[DATA]
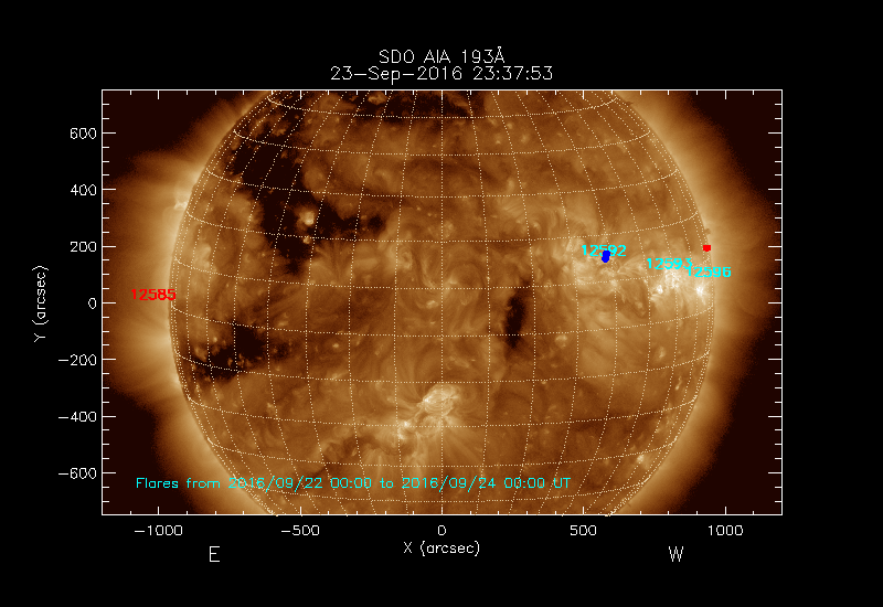 Note that some types of solar emission are more likely to be geo-effective if they originate from the western half to the disk
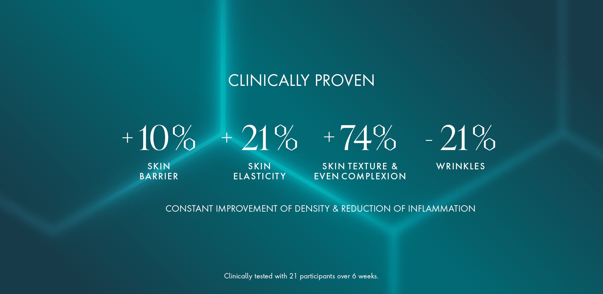 Serum with 100% skin-identical, micro-molecular collagen to reduce lines and wrinkles by up to 21% after just 6 weeks. -
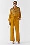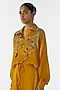 Featuring a mustard cropped shirt in vegan silk base with placement digital print, embroidered collar and a waist drawstring. It is paired with pants. Style it with statement earrings and block heels, perfect for festive gatherings.
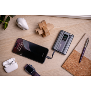 - power bank z funkcją ładowania bezprzewodowego i 2 zintegrowanymi kablami
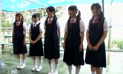 Anje Hoshi, and horny friend Asian hotties in outdoor threeway

[YOUR INSTRUCTIONS] To complete this exercise, repeat exactly the lines above from the one holding "Serum with 100%" to the end of the listing, both included, and leave the pictures out.

[WORKED SOLUTION]
 Serum with 100% skin-identical, micro-molecular collagen to reduce lines and wrinkles by up to 21% after just 6 weeks. -
 Featuring a mustard cropped shirt in vegan silk base with placement digital print, embroidered collar and a waist drawstring. It is paired with pants. Style it with statement earrings and block heels, perfect for festive gatherings.
 - power bank z funkcją ładowania bezprzewodowego i 2 zintegrowanymi kablami
 Anje Hoshi, and horny friend Asian hotties in outdoor threeway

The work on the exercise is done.